Fix 1: Global Query Filters

C#
// DbContext — apply TenantId filter to every query, automatically
public class AppDbContext(
    DbContextOptions<AppDbContext> opts,
    ITenantContext tenant)
    : DbContext(opts)
{
    protected override void OnModelCreating(ModelBuilder model)
    {
        // Applied to every query on these entities — impossible to forget
        model.Entity<Project>().HasQueryFilter(p => p.TenantId == tenant.TenantId);
        model.Entity<Task>().HasQueryFilter(t => t.TenantId    == tenant.TenantId);
        model.Entity<User>().HasQueryFilter(u => u.TenantId    == tenant.TenantId);
        model.Entity<Comment>().HasQueryFilter(c => c.TenantId == tenant.TenantId);
    }
}

// Register tenant context per-request
public class TenantContext(IHttpContextAccessor http) : ITenantContext
{
    public int TenantId => int.Parse(
        http.HttpContext!.User.FindFirst("tenant_id")!.Value);
}
C#
// Program.cs
builder.Services.AddHttpContextAccessor();
builder.Services.AddScoped<ITenantContext, TenantContext>();
builder.Services.AddDbContext<AppDbContext>();
After this change:
  - Every EF Core query automatically includes WHERE tenant_id = ?
  - Developers cannot forget the filter — it is not optional
  - To deliberately bypass (for admin queries): use .IgnoreQueryFilters()
    which is a conspicuous call, easy to spot in code review

Fix 2: PostgreSQL Row-Level Security (defence-in-depth)

SQL
-- Even if the application sends a query without a tenant filter,
-- PostgreSQL enforces the policy at the database level

ALTER TABLE projects ENABLE ROW LEVEL SECURITY;
ALTER TABLE tasks    ENABLE ROW LEVEL SECURITY;
ALTER TABLE users    ENABLE ROW LEVEL SECURITY;
ALTER TABLE comments ENABLE ROW LEVEL SECURITY;

-- Policy: only rows where tenant_id matches the session setting
CREATE POLICY tenant_isolation ON projects
    USING (tenant_id = current_setting('app.tenant_id')::int);

CREATE POLICY tenant_isolation ON tasks
    USING (tenant_id = current_setting('app.tenant_id')::int);
C#
// Set the session variable on every request
public class TenantRlsInterceptor(ITenantContext tenant)
    : DbCommandInterceptor
{
    public override async ValueTask<DbDataReader> ReaderExecutingAsync(
        DbCommand command,
        CommandEventData eventData,
        InterceptionResult<DbDataReader> result,
        CancellationToken ct = default)
    {
        // Set the PostgreSQL session variable before every command
        await using var setCmd = command.Connection!.CreateCommand();
        setCmd.Transaction = command.Transaction;
        setCmd.CommandText  = $"SET LOCAL app.tenant_id = {tenant.TenantId}";
        await setCmd.ExecuteNonQueryAsync(ct);

        return await base.ReaderExecutingAsync(command, eventData, result, ct);
    }
}

Inflection Point 2: 200 Tenants — The Noisy Neighbour

At 200 tenants, the database started showing P99 latency spikes. Investigation with pg_stat_activity revealed a single enterprise tenant (Tenant #47) running a nightly export job that scanned 2M rows — blocking connections for everyone.

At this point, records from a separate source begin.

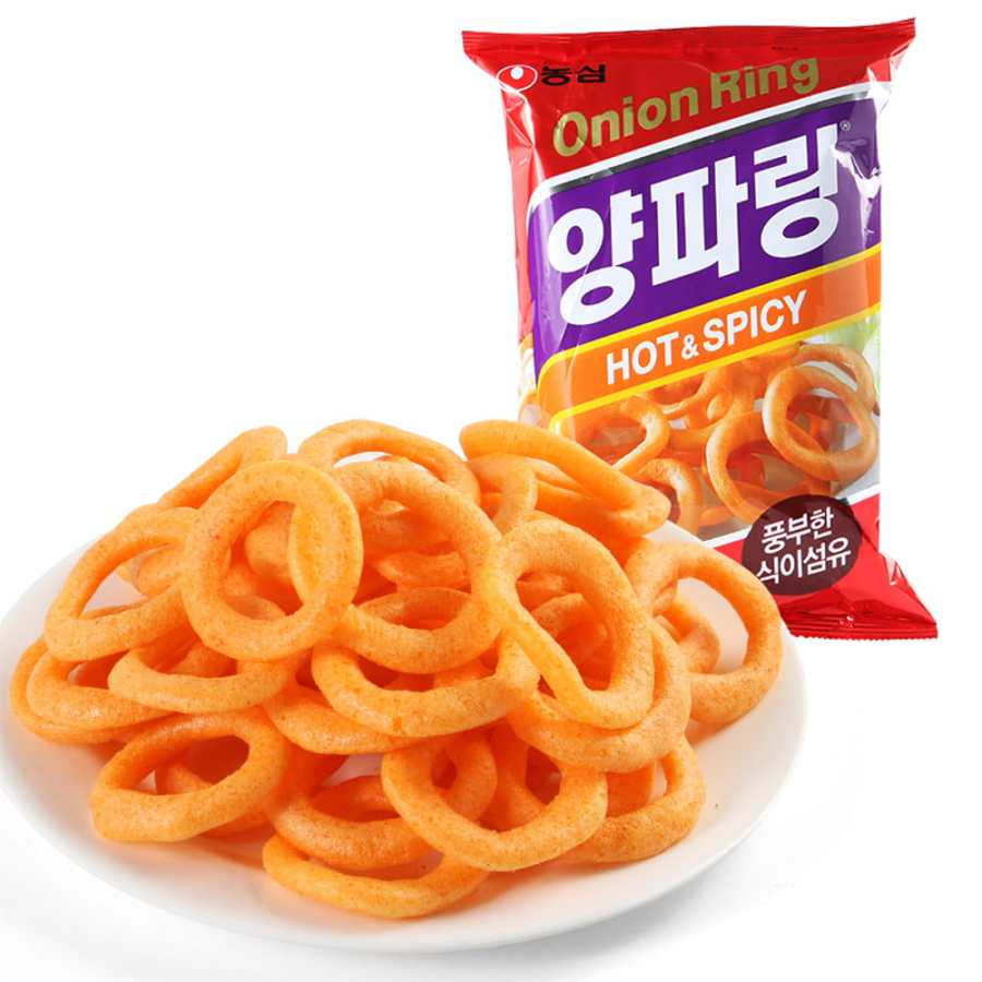 Salgadinho Onion Flavored Rings Hot e Spicy, coreano com sabor de cebola apimentada. Características: Ingredientes: Farinha de trigo, amido de trigo, óleo de farelo de arroz, batata, óleo de palma, cebola em pó, açúcar, sal, pimenta chilli em pó, riboflavina, carmim, glutamato de sódio. Informações adicionais: "Contém Glúten" e " Zero Gordura Trans". Embalagem: Contém um pacote Onion Flavored Rings Cebola Apimentada Hot e Spicy 40 gramas Fabricante: Nong Shim Co. Origem: Coréia do Sul (Produtos Coreanos
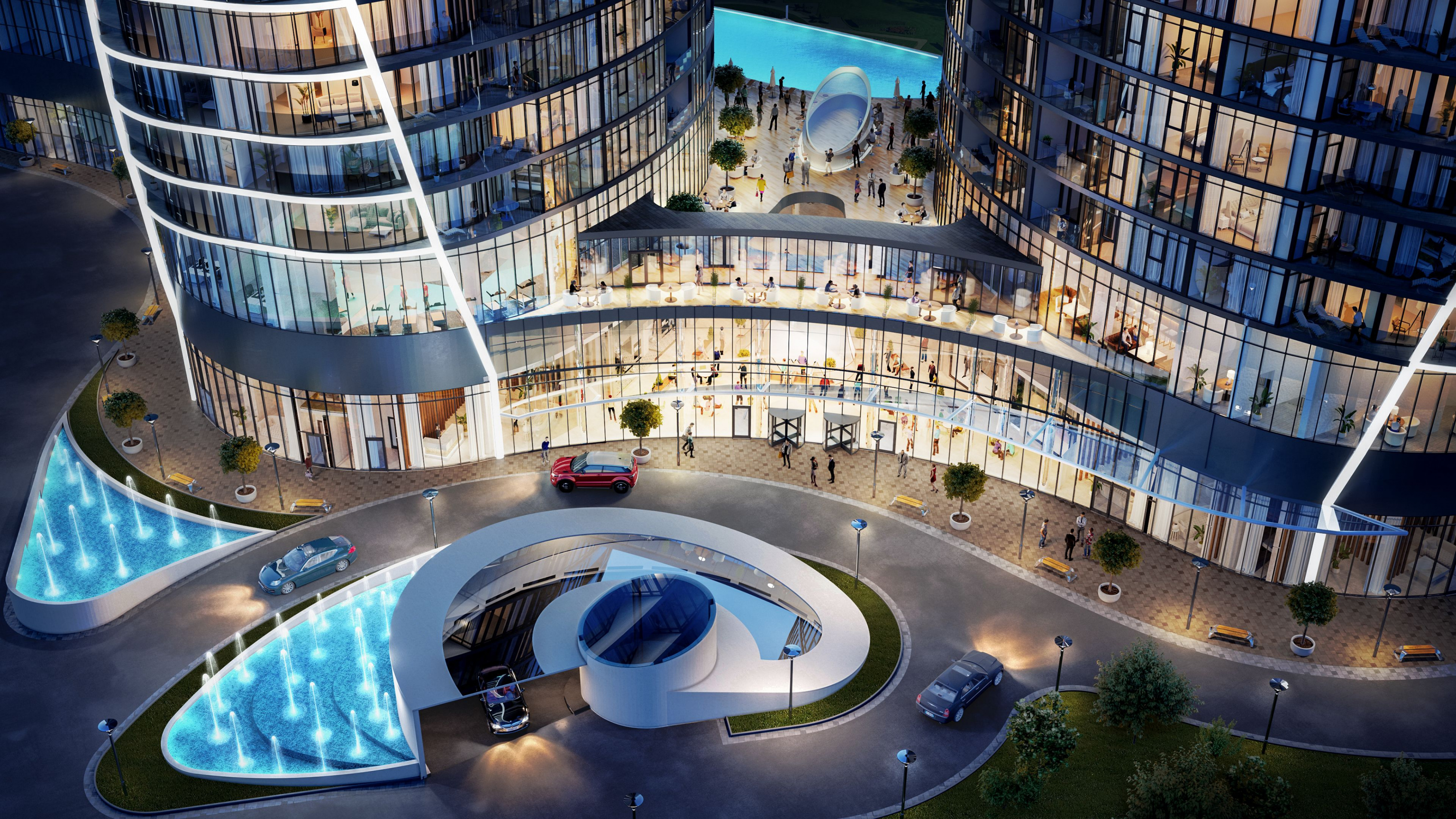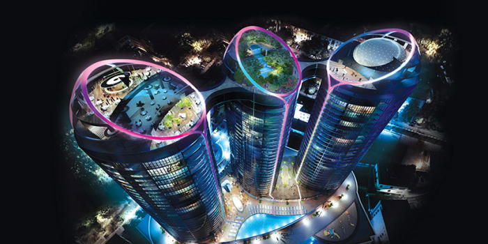 Taryan Towers – це не башти-близнюки: кожна будівля матиме свою концепцію. У першій вежі буде відкрито панорамний ресторан з видами столиці, на даху другої вежі – парк просто неба зі штучним озером і зимовим садом, а на даху третьої вежі буде кінотеатр, планетарій і музей майбутнього.
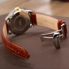 Built to last, this watch features a 40mm stainless steel case with a polished finish, matched with a sleek 0.41-inch (10.5mm) slim profile. The sapphire crystal glass ensures exceptional scratch resistance while keeping the dial crystal clear. A genuine leather strap with a 0.78-inch (20mm) width provides both comfort and elegance, while the lightweight 2.5 oz (70g) design ensures easy wear all day long.

Monitor: pg_stat_statements
SELECT
    calls,
    mean_exec_time,
    total_exec_time,
    (regexp_matches(query, 'tenant_id = (\d+)'))[1] AS tenant_id,
    left(query, 100) AS query_preview
FROM pg_stat_statements
ORDER BY total_exec_time DESC
LIMIT 20;

Result:
  Tenant 47 export query: 45 seconds mean exec time, 1,200 calls/day
  Cost: 54,000 seconds of database time per day
  All other tenants combined: ~8,000 seconds

Fix: Per-Tenant Statement Timeout + Connection Isolation

SQL
-- Apply a statement timeout per tenant (stored in tenants table)
-- Default: 30 seconds. Tenant 47 (enterprise): 300 seconds.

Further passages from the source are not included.